Qualcosa però, almeno a livello di decoro estetico si potrebbe fare. Le t-shirt con il volto della Monna Lisa che fa la linguaccia, le mascherine di Venezia in San Lorenzo o i grembiulini con le grazie del David stampate sopra non sono un bello spettacolo.
"Ricordo il grande disagio che provavo quando vedevo i venditori abusivi piazzare agli stranieri stampe con un cavallo che corre sulla spiaggia fuori dall’Accademia. Ma che senso ha? Per il resto come si può imporre di cambiare l’offerta merceologica? Il Comune un po’ ci prova: almeno si è detto basta ai grappoli di borse attaccate ai palazzi storici. Che poi diciamocelo sbattere la testa su un muro di cuoio non è certo piacevole".
Strana gente i fiorentini. S’indignano per la città svenduta e poi sono i primi a svenderla.

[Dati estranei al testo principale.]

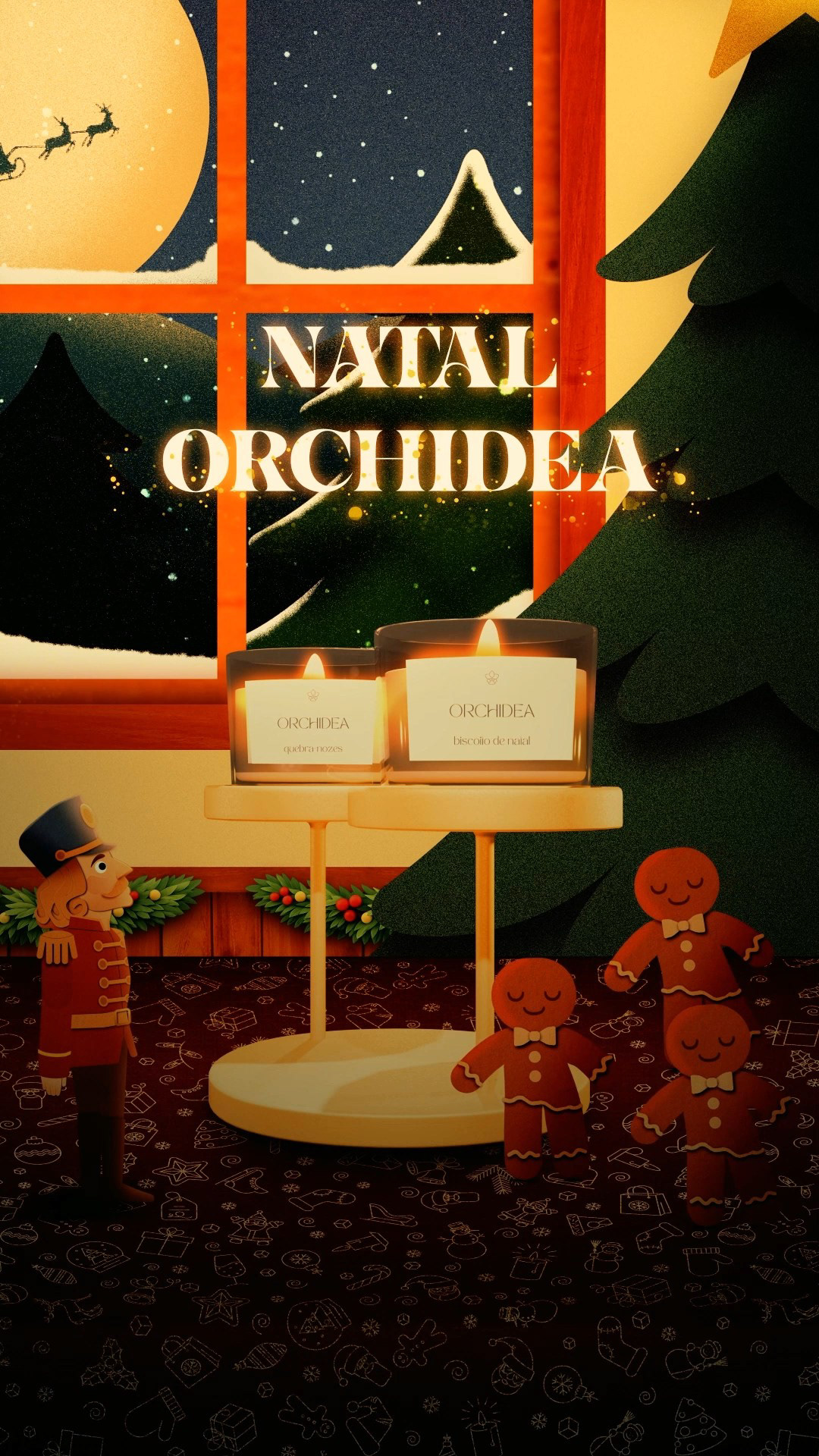 The idea was to tell a simple story with a clear emotional arc: a Nutcracker character marches through a wintery night until a scent suddenly catches his attention. His routine breaks, curiosity takes over, and he starts running, following the aroma until he finally reaches the source: the Orchidea candles, revealed like a small magical discovery.

"Un classico, si giudica sempre solo quello che fanno gli altri. Io però, oltre che per lo snaturamento dei palazzi pieni di airbnb e di un centro che è sempre più respingente per i fiorentini, sono preoccupata per i giovani".
In che senso?
"Non possiamo essere noi a biasimare un ragazzo che mette a rendita la casa ereditata dalla nonna ma allo svilimento culturale di Firenze non ci pensiamo? La conoscenza, il mettersi in gioco servono per provare a progredire. Così invece ci si siede. Speriamo di non tornare a essere tutti come i servitori di piazza del Settecento che proponevano visite ai musei perché magari avevano qualche conoscenza negli uffici granducali".
Il paragone con la vicina Prato per esempio è impietoso. Negli ultimi decenni ha prodotto premi Oscar, premi Strega... Forse perché aveva fame. E Firenze? Satolla?
"Certo, è un esempio che regge. Se non si ha lo stimolo di crescere e ci si accontenta...".
Insomma la città non se la passa bene professoressa?
"Il centro storico. E’ ostile con gli stessi fiorentini. Perché mai io dovrei andare a vedere una vetrina in centro se non ce ne sono più di belle, se non c’è più la qualità? Tutti locali uguali che vendono merce scadente e che mi auguro in molti casi non siano attività di facciata. Meglio allora un centro commerciale in periferia no?".